Hendri Tanggapi Menag Yaqut: Apakah Gonggongan Anjing Panggilan untuk Ibadah?

Hendri Tanggapi Menag Yaqut: Apakah Gonggongan Anjing Panggilan untuk Ibadah?

Gelora Media
facebook twitter whatsapp


GELORA.CO - Pengamat komunikasi politik Hendri Satrio menyoroti pernyataan Menteri Agama (Menag) Yaqut Cholil Qoumas yang terkesan menyamakan suara pelantang di masjid dengan gonggongan anjing.

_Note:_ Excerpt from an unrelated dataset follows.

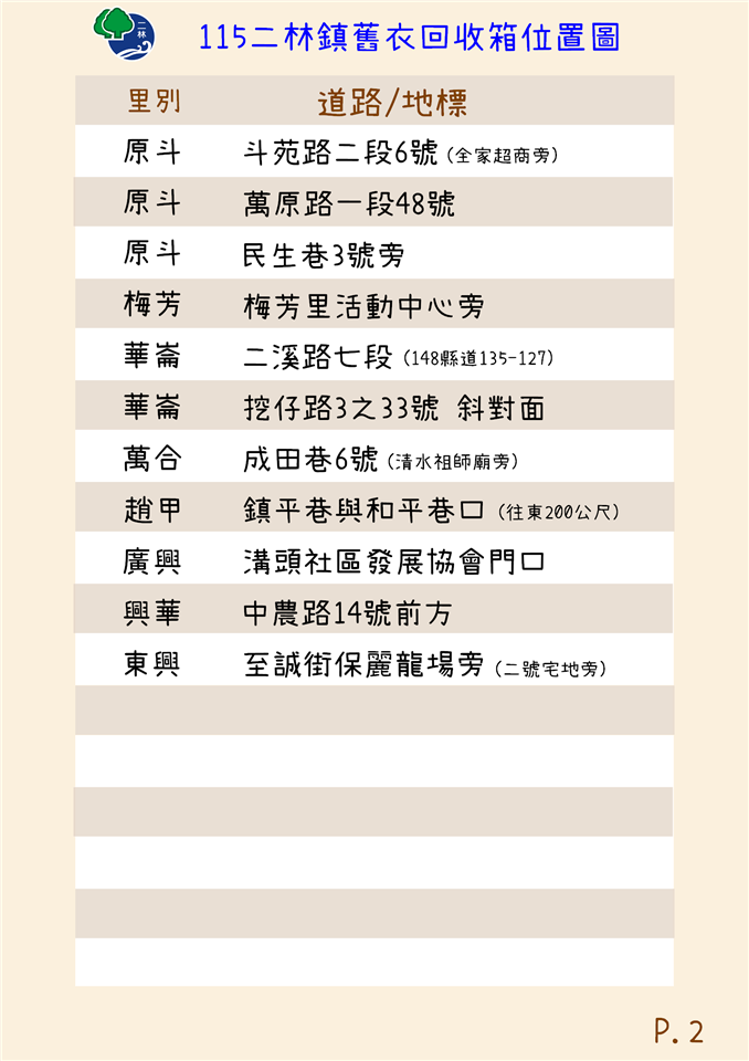 最新公告 歲末大掃除 讓舊衣找到新家,善意循環從「衣」開始! 發布日期: 2026/01/13~2026/02/13 | 瀏覽人數: 36人 | 聯絡資訊: 洪小姐 8969906分機205 歲末大掃除 讓舊衣找到新家,善意循環從「衣」開始!【歲末大掃除 ✨ 讓舊衣找到新家,善意循環從「衣」開始!】春節將近,民眾進行居家環境整理時,舊衣物的清理需求會明顯增加。為鼓勵正確回收、避免隨意棄置造成環境髒亂,特提供本鎮舊衣回收箱設置地點清冊,敬請鄉親多加利用,共同維護社區整潔與美觀。因部分設置點調整,配合實際使用情形1️⃣若里內目前未設置回收箱,可將舊衣交由「早晨定點資源回收車」回收2️⃣少量舊衣,可交給「沿線清運」的資源回收車。3️⃣大量舊衣,歡迎撥打清潔隊服務專線04-8952425,由廠商安排到府協助處理。#舊衣回收減碳加分#回收一件衣物可減少約4公斤碳排放#回收1件T恤更能節省約2500公升水量
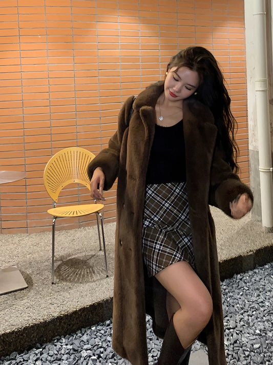 Luxury Full-Length Faux Mink Velvet Fur Coat – Dramatic Flared Hem, Coffee Brown Elegance

Pernyataan itu sebelumnya disampaikan Gus Yaqut saat menjelaskan soal aturan penggunaan pengeras suara di masjid dan musala, saat berkunjung ke Pekanbaru, Riau pada Rabu (23/2).

"Saya sampaikan kesedihan saya atas aturan baru yang dikeluarkan Menag Yaqut tentang pengeras suara masjid, apalagi membandingkan suara azan dengan gonggongan anjing," tulis Hendri melalui akunnya di Twitter, Kamis (24/2).

"Kenapa Anda begitu, Pak Menag? Saya doakan, semoga Anda segera menyadari kekeliruan ini!" sambungnya pemilik akun @satriohendri yang telah mengizinkan pendapatnya itu dikutip JPNN.com.

Dosen di Universitas Paramadina itu juga mengaku sedih mengetahui pemahaman Menag Yaqut tentang toleransi ternyata tipis.

"Toleransi sudah ada sejak dahulu. Alunan suara azan menghiasi kehidupan berbangsa kita, Pak Menag. Aturan ini justru menjauhkan Indonesia dari toleransi beragama yang sudah dibangun sejak Indonesia berdiri," ucapnya.
 
Menurut pendiri lembaga KedaiKOPI itu, azan merupakan panggilan ibadah, sebagai penanda masuk waktu salat bagi umat Islam.

"Apakah ada umat beragama lain yang panggilan untuk ibadahnya menggunakan gonggongan anjing? Menag Yaqut harus paham tentang ini. Sesungguhnya Menteri Yaqut tipis sekali pemahamannya tentang toleransi," ujar Hendri.

Oleh karena itu, dia berharap Presiden Joko Widodo (Jokowi) memberikan teguran kepada Menag Gus Yaqut atas pernyataan kontroversial itu.

Sebab, dari sisi ilmu komunikasi, Hendri memandang narasi yang dipakai Menag Yaqut tidak pantas.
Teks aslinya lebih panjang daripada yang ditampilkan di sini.